Tuesday, December 7, 2010

Conditions Deplored for Migrants Being Held in Greece at Turkish Border

New York Times
December 7, 2010

While Frontex, the European Union border agency, has sent a special force to close the Greek-Turkish land border to illegal immigration, a human rights group visiting the area said on Monday that they had found more than 800 migrants being held in “inhumane” conditions in Greece, with 120 minors including 9 girls locked up in one overcrowded facility containing 450 people.

Greece’s northeastern land border has become a big crossing point for economic migrants and refugees trying to enter the European Union now that sea routes to Italy and Malta have been closed. In October, Greece requested help from Frontex, which on Nov. 2 sent 175 agents, a helicopter and detector equipment to the region to halt the arrivals.

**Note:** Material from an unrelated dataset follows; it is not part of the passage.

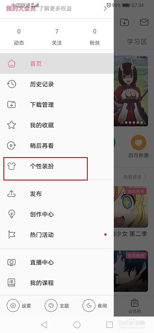 第二步打开哔哩哔哩侧边栏之后,点击个性装扮,如下图所示:

Gil Arias Fernández, deputy executive director of Warsaw-based Frontex, said in Athens last week that migrant numbers had dropped by 44 percent since the operation began, with 4,720 people intercepted in November compared with 7,586 the previous month; 13 smugglers had been arrested, too.

But members of Human Rights Watch, a Washington-based rights body, issued a statement in Brussels on Monday saying that they had found Afghans, Eritreans, Iraqis, Algerians, Syrians, Iranians and Moroccans in “degrading” conditions at four of the five detention centers along the border, and that Frontex could not “turn a blind eye to the humanitarian crisis for migrants in the Greek border region.”